So much went wrong last year that it was hard to keep up. It was like being pounded daily by waves of new edicts, most of which felt completely contrary to everything we had come to expect from a civilized country that operates according to stable rules and a presumption that people are generally free. 

One of the more bizarre among many policies, one that intervened economically and targeted property rights head-on, was a moratorium on evictions. Nothing like this had ever happened to the residential rental market on a nationwide basis. The Biden administration just extended it another three months. 

This all began last year. Consulting with no one — so far as we know — on September 4, 2020, the Federal Register published the following notice:

The Centers for Disease Control and Prevention (CDC)… announces the issuance of an Order under Section 361 of the Public Health Service Act to temporarily halt residential evictions to prevent the further spread of COVID-19.

In a few words, it was done. Throughout the entire country. In one sentence, and with no debate, we had a massive regulatory intervention in the lives of tens of millions, one that affects real estate values and the ability of owners to turn a profit. Let’s summarize that this is not the way the Constitution’s framers imagined that law would be made. 

Landlords could no longer collect residential rent via the threat of eviction. It was like the creation of a nation of squatters by bureaucratic order. On the one hand, the order said that it does not preclude “the charging or collecting of fees, penalties, or interest as a result of the failure to pay rent or other housing payment on a timely basis.” On the other hand, if the check didn’t arrive, there was nothing that landlords could do. 

The order from the CDC had teeth too. Landlords or apartment complex owners who ask non-payers to leave could be fined as much as $500,000 and even face jail time. Again, this affected every residential rental from rural Texas to New York City. It was supposed to be only for three months, expiring December 1, 2020. But of course it was extended… three times. Now was scheduled to go away at the end of July, but the Biden administration extended it while admitting sketchy constitutional grounds. 

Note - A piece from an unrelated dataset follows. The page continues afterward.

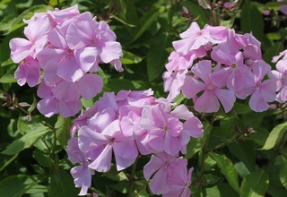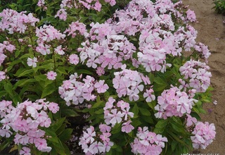 Цветок диаметром 5,2-5,5 (до 6,0) см; нежно-розово-сиреневый с прожилками и небольшим высветлением в центре. Соцветие округло-коническое, небольшое. Куст высотой 75 см, компактный. Срок цветения среднеранний. (Из каталога Секции, изд.: 2010, 2014).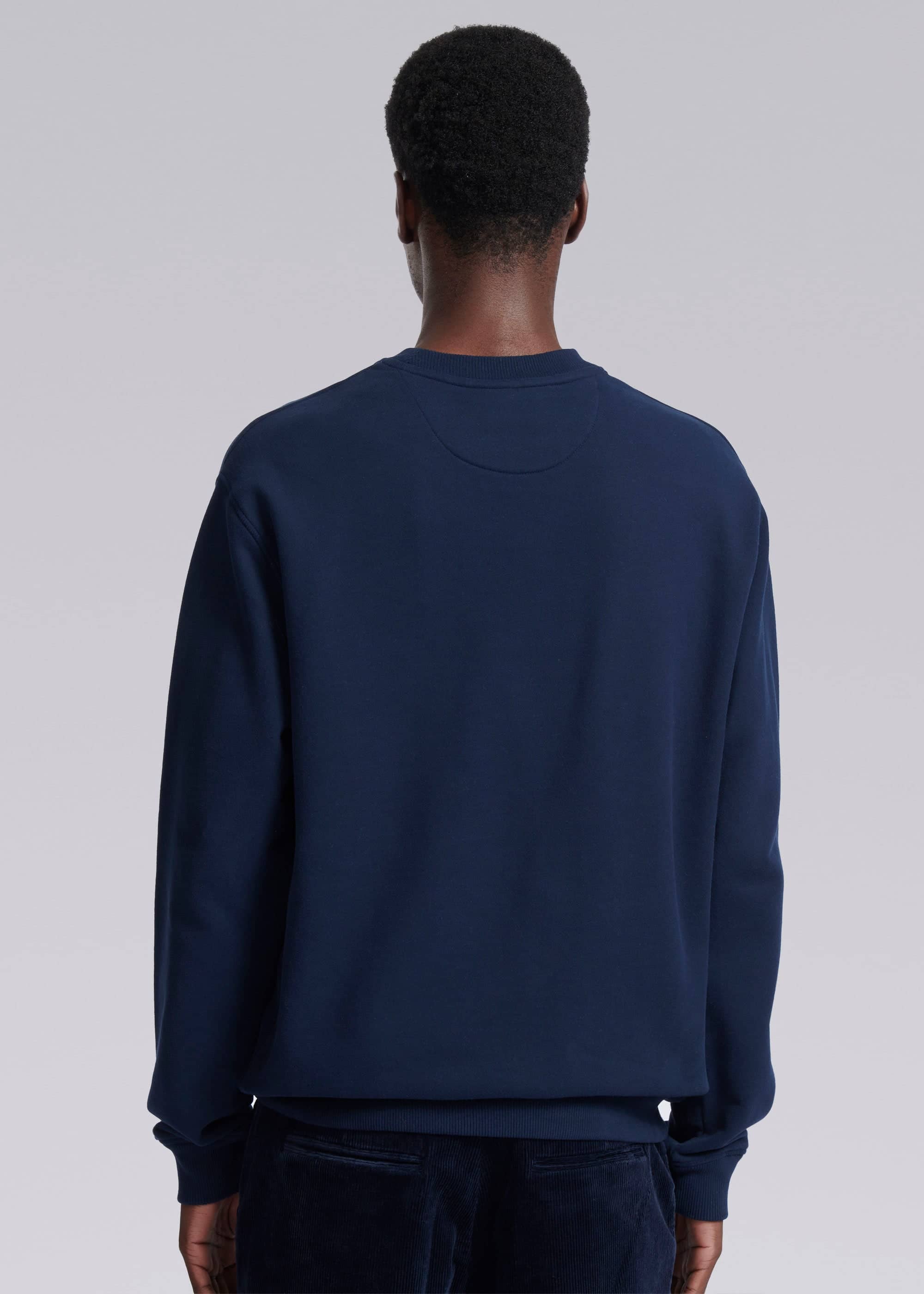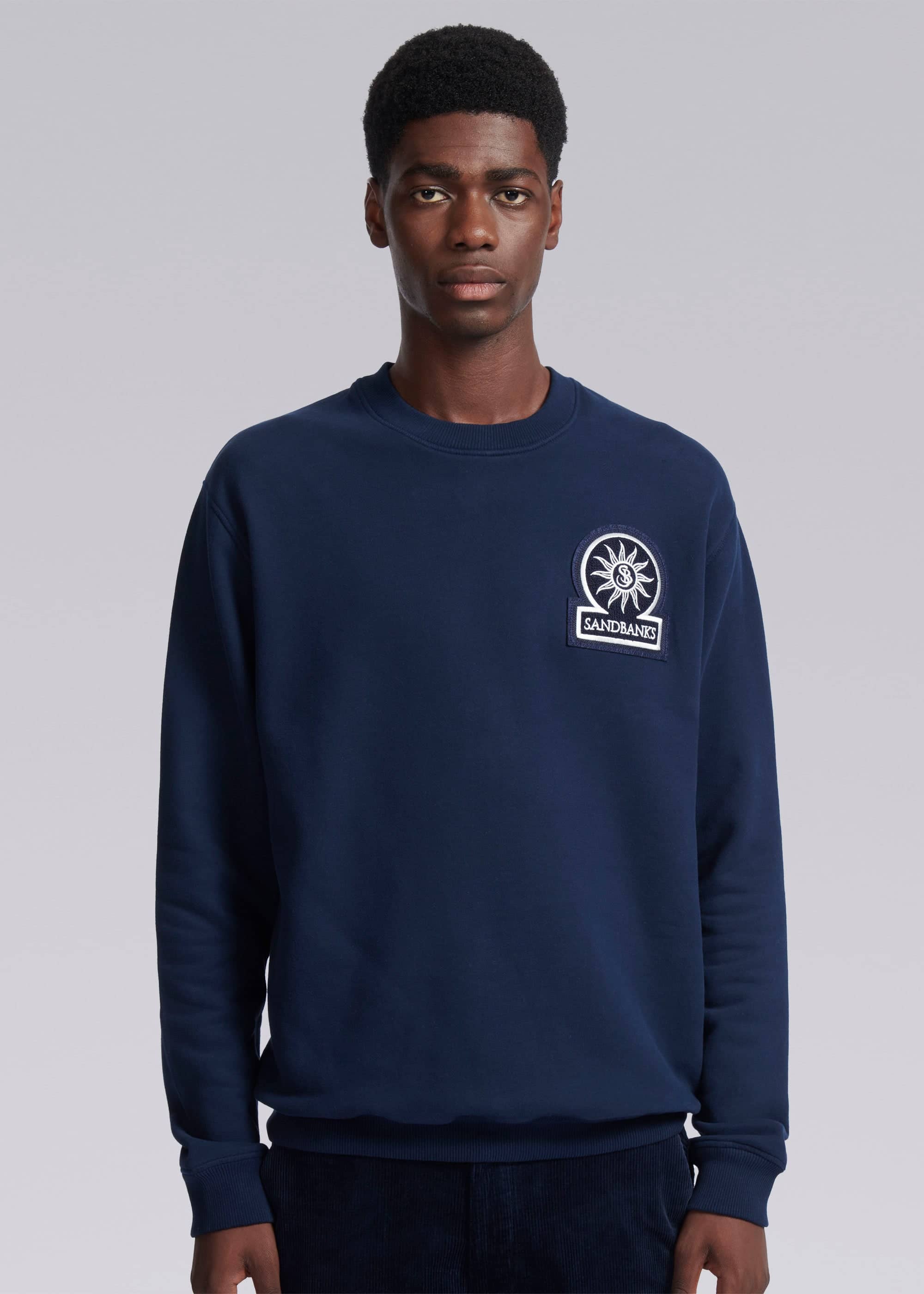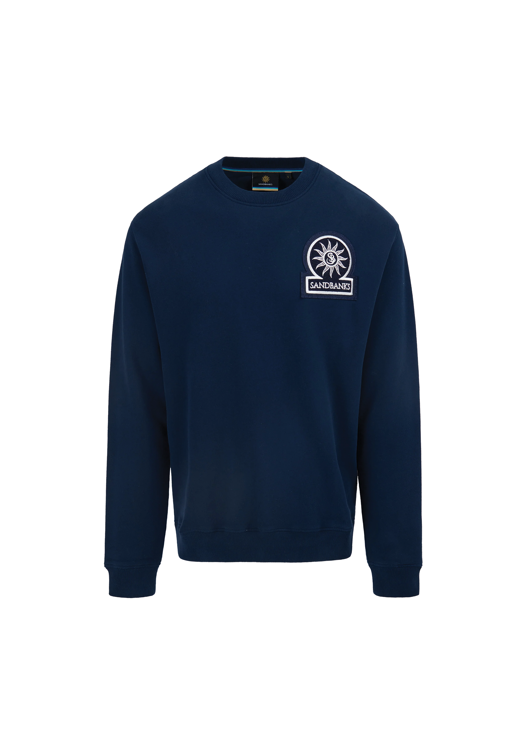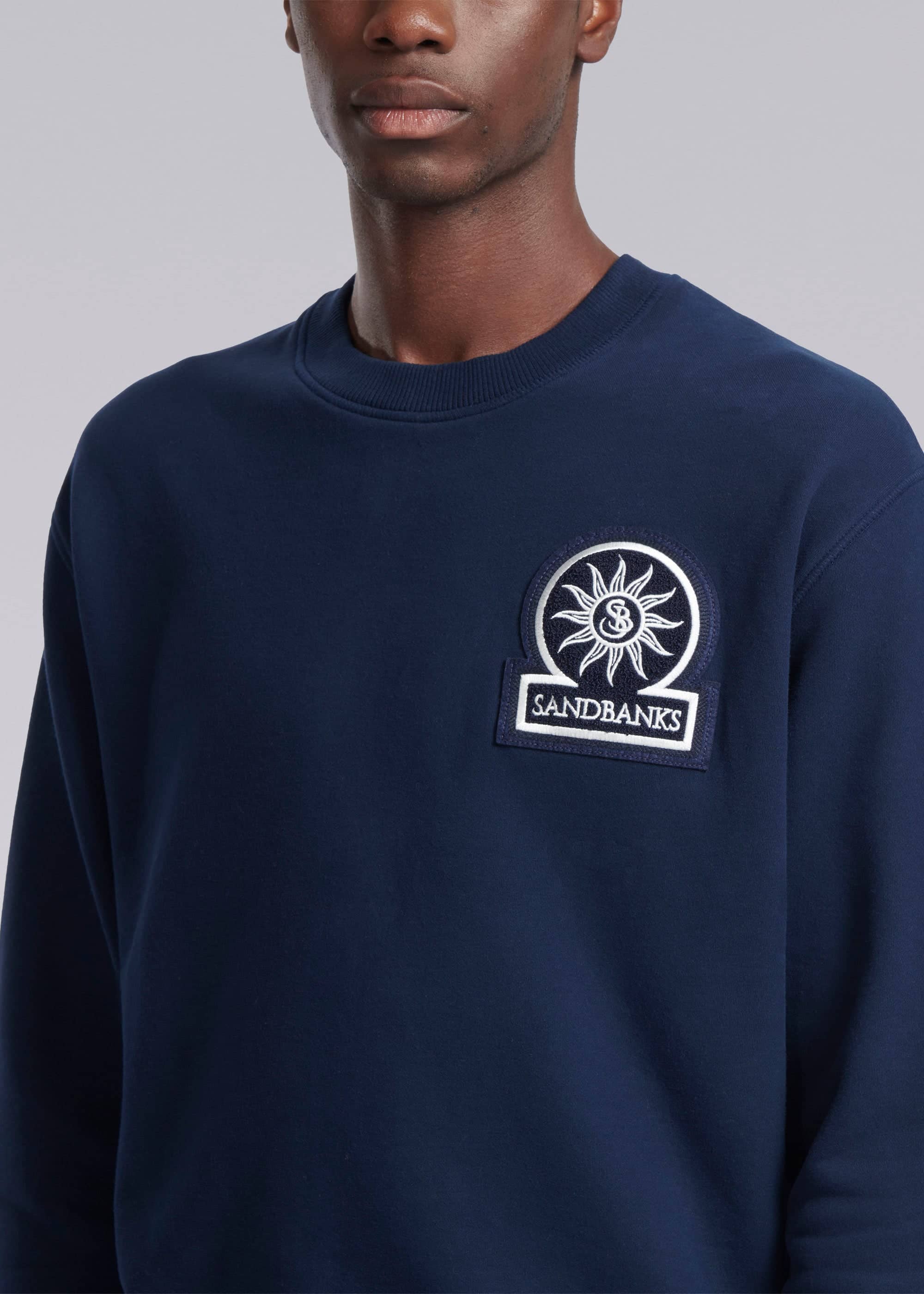 Sandbanks men's boucle badge sweatshirt in navy, made from 100% organic cotton diagonal weave knit that is brushed internally for a soft and warm feel. This sweatshirt features a Sandbanks large boucle badge logo on chest (chenille), tri-colour neck binding, ribbed cuff and hem.

The excuse:  to stop disease spread. If you have people living in homeless shelters or otherwise milling about looking for a place to live, these people could spread Covid, the CDC explained. Therefore it had jurisdiction to govern the minutia of all landlord-tenant relations in the country. The Public Health Service Act of 1944 gives the CDC such authority, the agency claimed. The Supreme Court disagreed but let the edict stand anyway, with the apparently naive Justice Brett Kavanaugh writing that it was set to expire anyway.

Back then, the CDC reasoned, stay-at-home orders meant staying home, period, even if you don’t pay your rent. Now it is merely an exercise in raw power that overrides both contracts and property rights. 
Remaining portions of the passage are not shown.